Abstract The low permeability of tight sandstone reservoirs limits the application of water flooding to improve oil recovery. Owing to their properties, N2 and CO2 have been used in gas flooding to increase the oil recovery from these reservoirs, achieving good results. However, the oil-displacement mechanism at different pore sizes in tight sandstones during N2 and CO2 flooding, especially the quantitative characterization and comparison of the displacement effects of gas flooding, remain unclear.
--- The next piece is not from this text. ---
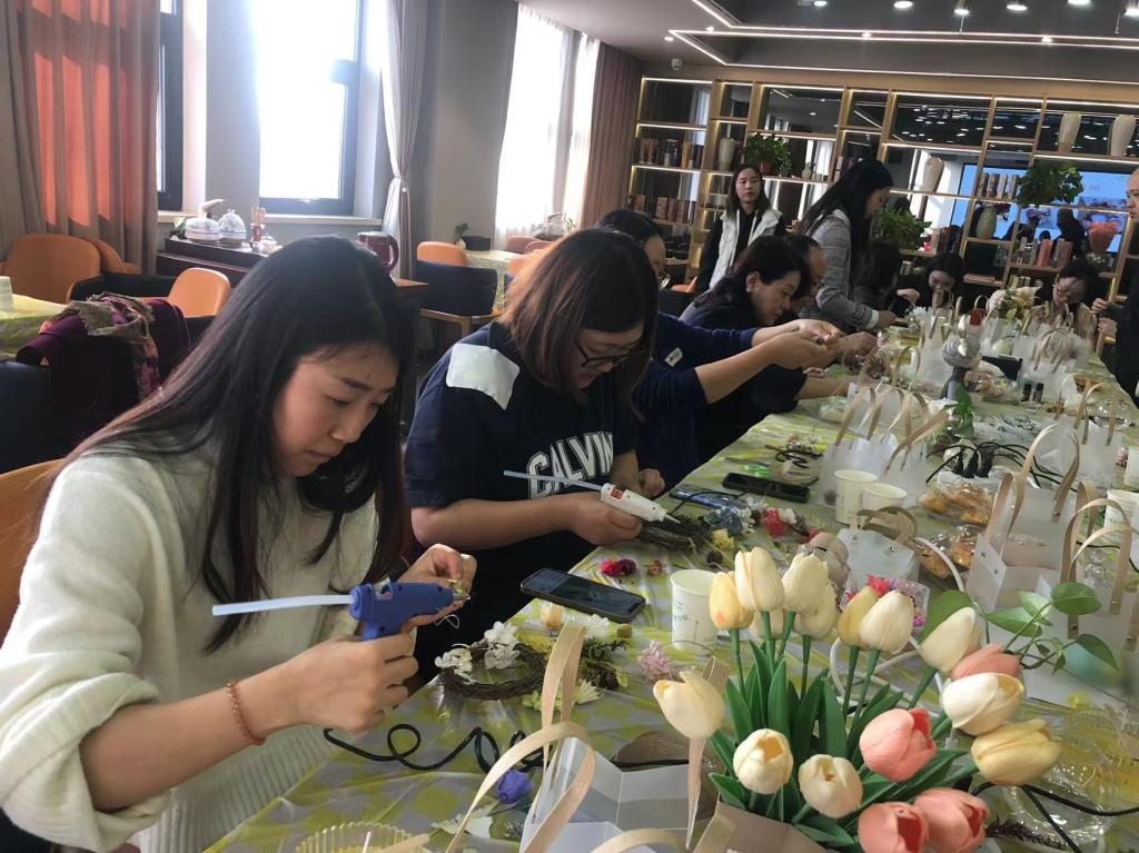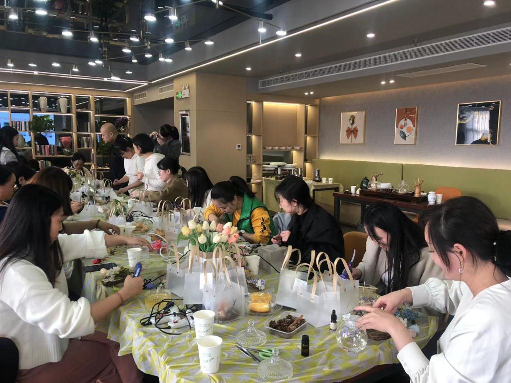 为深入学习贯彻习近平新时代中国特色社会主义思想,促进中华传统文化创新发展,丰富教职工业余生活,提升教职工审美情趣,增强团队凝聚力,11月10日下午,会计金融学院分工会举办了主题为“永远跟党走 花香透盈袖 茶香满校园”的花艺品茗活动,校工会主席牛文娟参加活动。

In this study, gas flooding experiments were conducted combined with Nuclear Magnetic Resonance (NMR) to simulate the distribution characteristics of crude oil before and after N2 and CO2 flooding in five tight sandstone core samples at five different displacement pressures from 4.0 MPa to 24.0 MPa at 60°C. The fluid distribution and oil recovery rate under CO2 and N2 flooding were quantitatively evaluated at different pore scales under different displacement pressures. The results revealed that the difference between N2 and CO2 flooding in the large pores was considerably higher than that in the small pores. However, the variation trend of the difference in oil recovery from small and large pores under N2 and CO2 flooding at different pressures was almost identical. Consequently, this variation was only slightly influenced by the pore radius and highly influenced by the displacement pressure. Additionally, before CO2 became miscible, the maximum difference in the recovery rate between N2 and CO2 flooding was observed when CO2 reached the supercritical state. After CO2 became miscible, the difference between N2 and CO2 recovery continued to increase with increasing pressure. Furthermore, for similar tight sandstone reservoirs, the total oil recovery rate under CO2 flooding was found to be always 10–20% higher than that under N2 flooding. Subsequently, the larger the pores, the better the oil recovery rate under CO2 flooding than that under N2 flooding. This study may provide significant guidance during field production.